(Items from a data source)
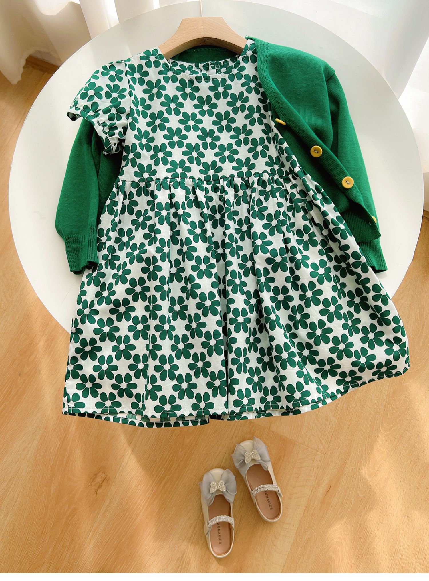 綠六瓣花連衣裙
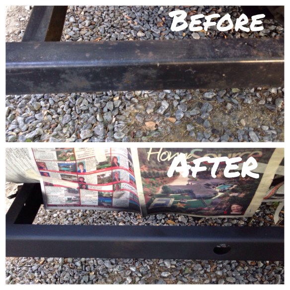 After a few hours, (and a metal shard embedded into my shin- I never complete a project unscathed) I sprayed painted the areas with Rustoleum Rust Reformer in matte black.
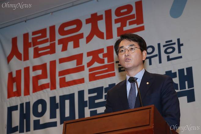 | ▲ 지난 10월 31일 박용진 더불어민주당 의원이 국회 헌정기념관 대강당에서 열린 사립유치원 비리근절을 위한 대안마련 정책 토론회에서 인사말을 하고 있다. |
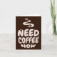 Conception amusante de café avec les mots "besoin de café maintenant" en forme de tasse de café.
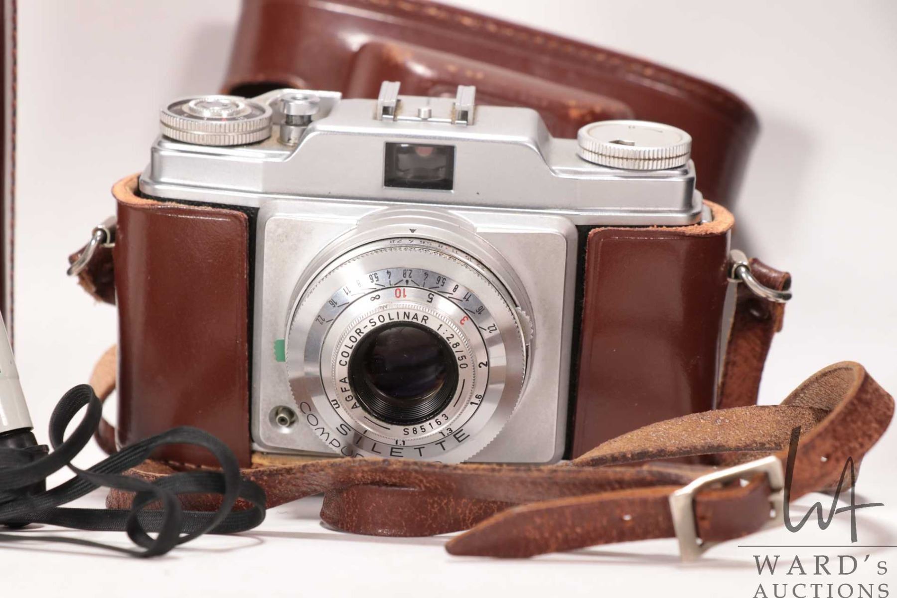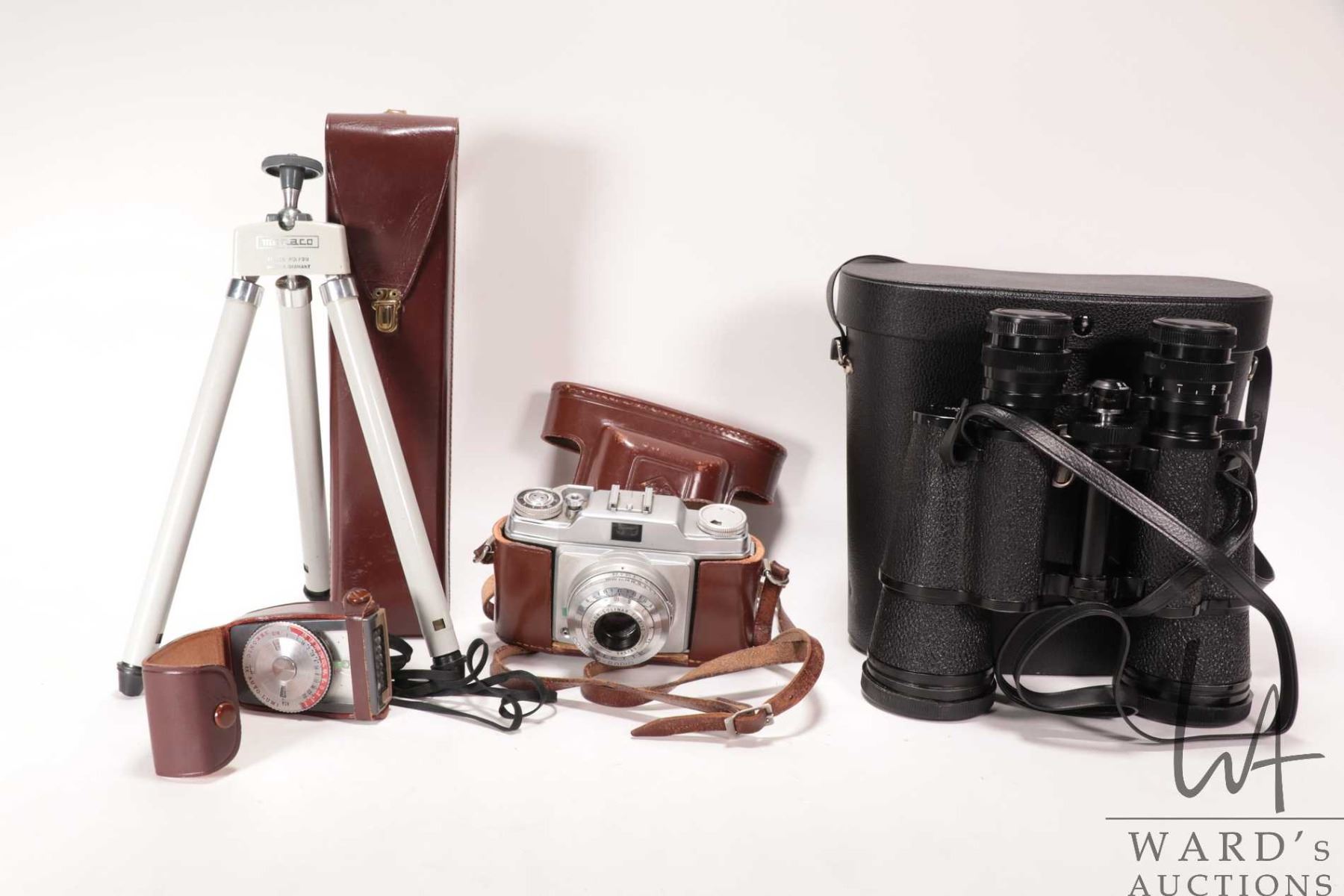 Pair of Carl Hoffer 7 X 50, Field 7.1 degree binocular No. 72222 with case, an Afga Color-Solinar Silette camera with flash and tri-pod, all with leather cases
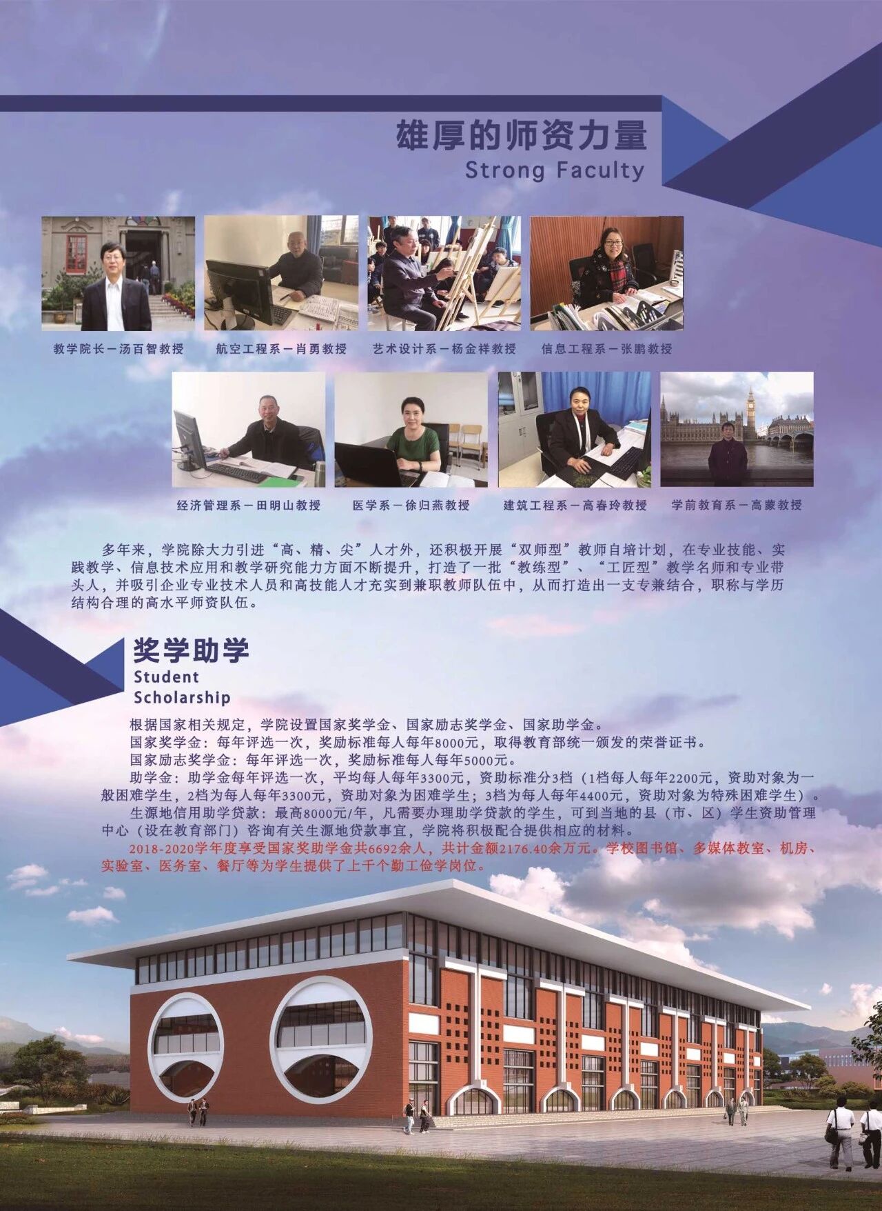 学院拥有一支专兼结合,职称与学历结构合理的高水平师资队伍,现有教职工500余人,全日制在校生10000余人。学院除大力引进“高、精、尖”人才外,还积极开展“双师型”教师自培计划,培养出一批“教练型”、“工匠型”教学名师和专业带头人,并吸引企业专业技术人员和高技能人才充实到兼职教师队伍中,从而打造出一支专兼结合,职称与学历结构合理的“双师型”师资队伍有一支专业水平高、业务素质强的师资队伍。

• EXERCISE GOAL:
For this exercise, write out exactly the lines from the one with "인사말을 하고 있다. |" through the last line of the records, inclusive, and leave each picture out.

• TASK RESPONSE:
 | ▲ 지난 10월 31일 박용진 더불어민주당 의원이 국회 헌정기념관 대강당에서 열린 사립유치원 비리근절을 위한 대안마련 정책 토론회에서 인사말을 하고 있다. |
 Conception amusante de café avec les mots "besoin de café maintenant" en forme de tasse de café.
 Pair of Carl Hoffer 7 X 50, Field 7.1 degree binocular No. 72222 with case, an Afga Color-Solinar Silette camera with flash and tri-pod, all with leather cases
 学院拥有一支专兼结合,职称与学历结构合理的高水平师资队伍,现有教职工500余人,全日制在校生10000余人。学院除大力引进“高、精、尖”人才外,还积极开展“双师型”教师自培计划,培养出一批“教练型”、“工匠型”教学名师和专业带头人,并吸引企业专业技术人员和高技能人才充实到兼职教师队伍中,从而打造出一支专兼结合,职称与学历结构合理的“双师型”师资队伍有一支专业水平高、业务素质强的师资队伍。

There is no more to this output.